On Wednesday, Shine announced that it has reached an in-principle settlement agreement with CFSIL, Colonial Mutual Life Assurance Society Pty Limited and AIA Australia Limited for $140 million, inclusive of costs, expenses and any applicable taxes.

The settlement is without admission of liability, is subject to the approval of the Federal Court of Australia, and a formal settlement deed is being negotiated by the parties.

In a statement, a CFS spokesperson said that in agreeing to resolve the litigation, all parties “continue to deny the allegations and make no admissions of liability or wrongdoing”.

“If the Court approves the settlement sum of $140 million, eligible group members will be entitled to recover a share of the settlement sum, after accounting for any deductions which may be approved by the Court, such as legal fees charged by the Applicants’ lawyers and any amounts to be paid to the funder of the class action,” the spokesperson said.
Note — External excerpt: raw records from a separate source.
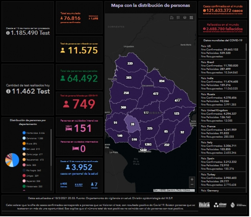 Son 836 nuevos casos de Montevideo, 125 de Canelones, 119 de Cerro Largo y 110 de Rivera. Hubo 80 nuevos casos de Río Negro, 74 de Tacuarembó, 59 de Artigas, 57 de San José, 37 de Maldonado, 34 de Florida y de Paysandú, 30 de Durazno, 28 de Colonia, 21 de Treinta y Tres, 19 de Salto, 16 de Rocha, 13 de Soriano y 6 de Lavalleja.
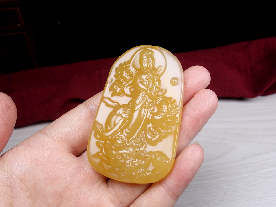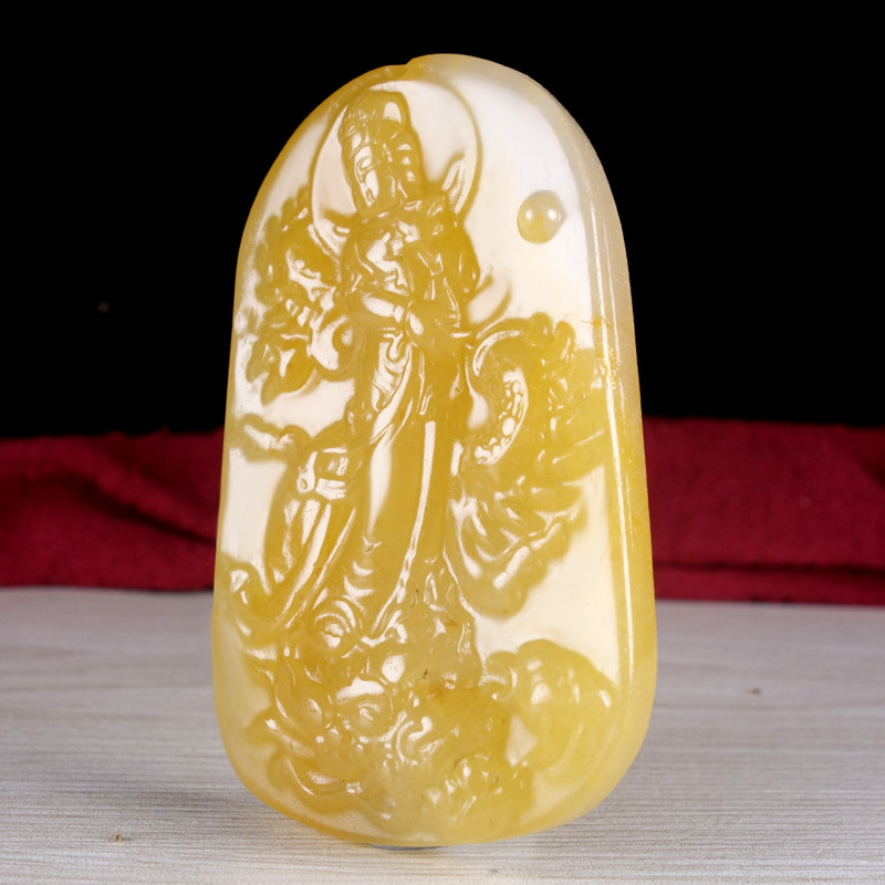 Leaks! Yellow Meat Nine Dragon Guanyin Yunnan Longling Huanglongyu "Bathing the World" pendant with certificate
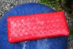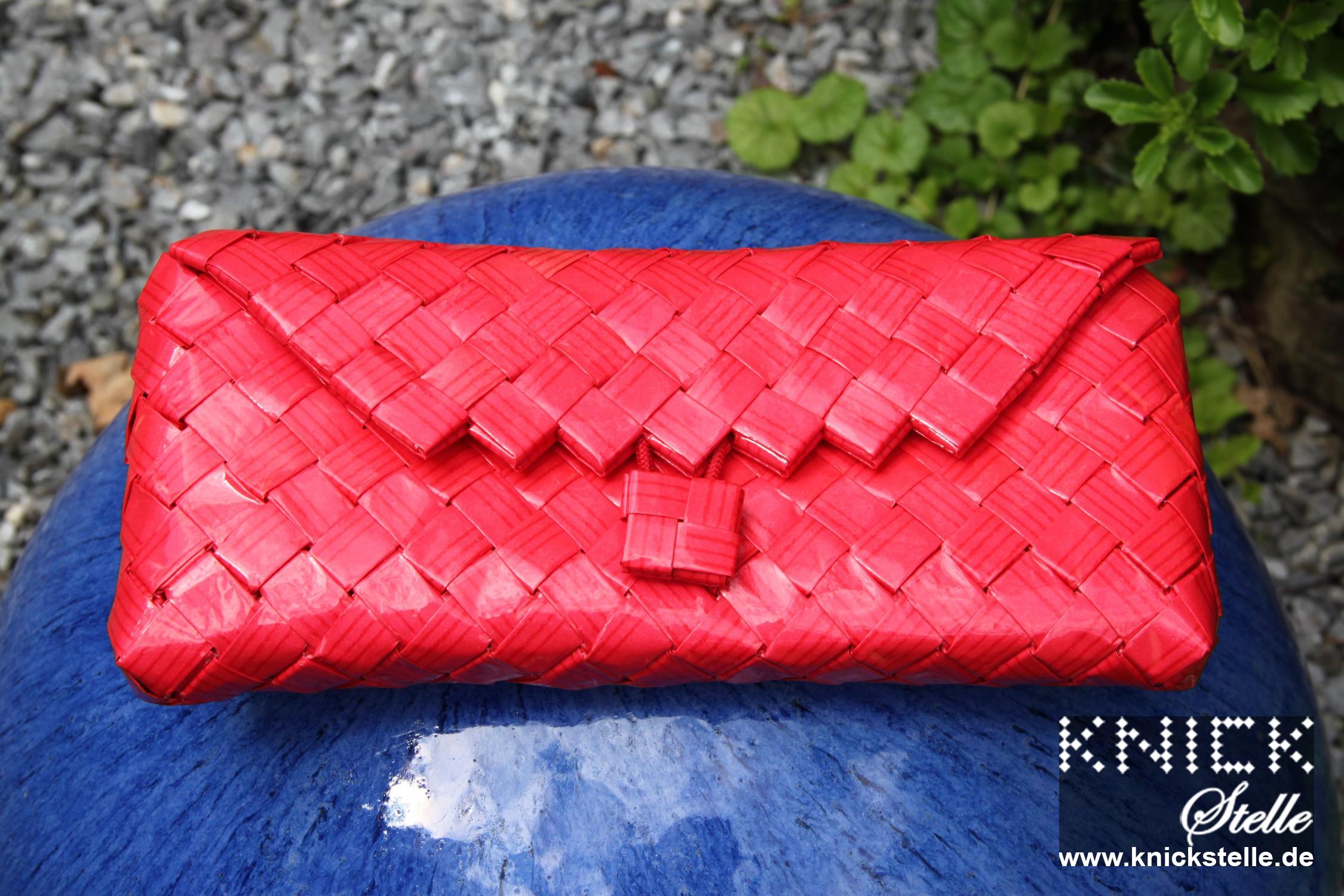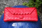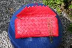 Diese Clutch bestricht durch ihre Schlichtheit. Roter Hintergrund mit feinen dunkelroten Streifen. Trotz ihres schlichten Musters ist sie durch ihre Farbe ein Eyecatcher. Sie lässt sich dadurch sehr schön kombinieren: Mal als eine dezente und mal als eine sehr auffallende Clutch. Zu dem Rotton dieser Clutch harmoniert die goldene Trägerkette.

“As the matter remains before the Court, CFS is not in a position to provide further comment at this time.”

Additionally, under the arrangement with CBA, the bank will be responsible for paying the agreed settlement, according to the spokesperson.

“On 1 December 2021, CBA completed the sale of a 55 per cent interest in CFSIL to KKR. On 15 March 2021, the Federal Court approved a scheme which provided that AIAA was liable for certain liabilities of CMLA as specified in the scheme. CBA assumed carriage of the class action on CFSIL’s and CMLA’s behalf,” they added.
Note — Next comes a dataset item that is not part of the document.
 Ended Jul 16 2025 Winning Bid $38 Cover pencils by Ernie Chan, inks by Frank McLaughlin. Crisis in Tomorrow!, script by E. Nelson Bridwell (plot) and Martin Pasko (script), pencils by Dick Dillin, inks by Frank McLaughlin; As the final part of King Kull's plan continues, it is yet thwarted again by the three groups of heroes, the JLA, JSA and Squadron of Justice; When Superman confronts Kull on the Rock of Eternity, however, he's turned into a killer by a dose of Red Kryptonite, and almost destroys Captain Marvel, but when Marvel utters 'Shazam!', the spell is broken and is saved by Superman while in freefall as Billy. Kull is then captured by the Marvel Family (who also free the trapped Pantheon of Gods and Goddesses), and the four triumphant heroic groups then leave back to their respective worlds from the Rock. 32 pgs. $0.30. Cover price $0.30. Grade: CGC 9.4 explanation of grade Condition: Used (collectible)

In July 2023, CFS reached a $100 million settlement over a class action that Slater and Gordon brought on behalf of 500,000 Australians who were charged excessive superannuation fees to fund ongoing commissions paid by Colonial First State to financial advisers.

The fees were charged to members of the Colonial First State FirstChoice Superannuation Trust in the period 1 July 2013 to 1 June 2020.

“Following a confidential court-ordered mediation on 16 June 2023, CFSIL and the applicants have agreed to settle the class action. The settlement is subject to court approval,” Colonial First State said in a statement at the time.

“In agreeing to resolve the litigation, CFSIL continues to deny the allegations and makes no admissions of liability or wrongdoing.”

The Slater and Gordon class action alleged that Colonial, a subsidiary of the CBA, did not act in the best interests of thousands of customers by continuing to charge existing members high fees under the commission arrangements. This is despite legislation being introduced that banned the charging of commissions on new super accounts from 2013 onwards.

The law firm further alleged that Colonial had the power at the time to reduce the fees or transfer existing members to identical products with lower fees and where commissions were not paid, but this did not happen until 2019 and 2020.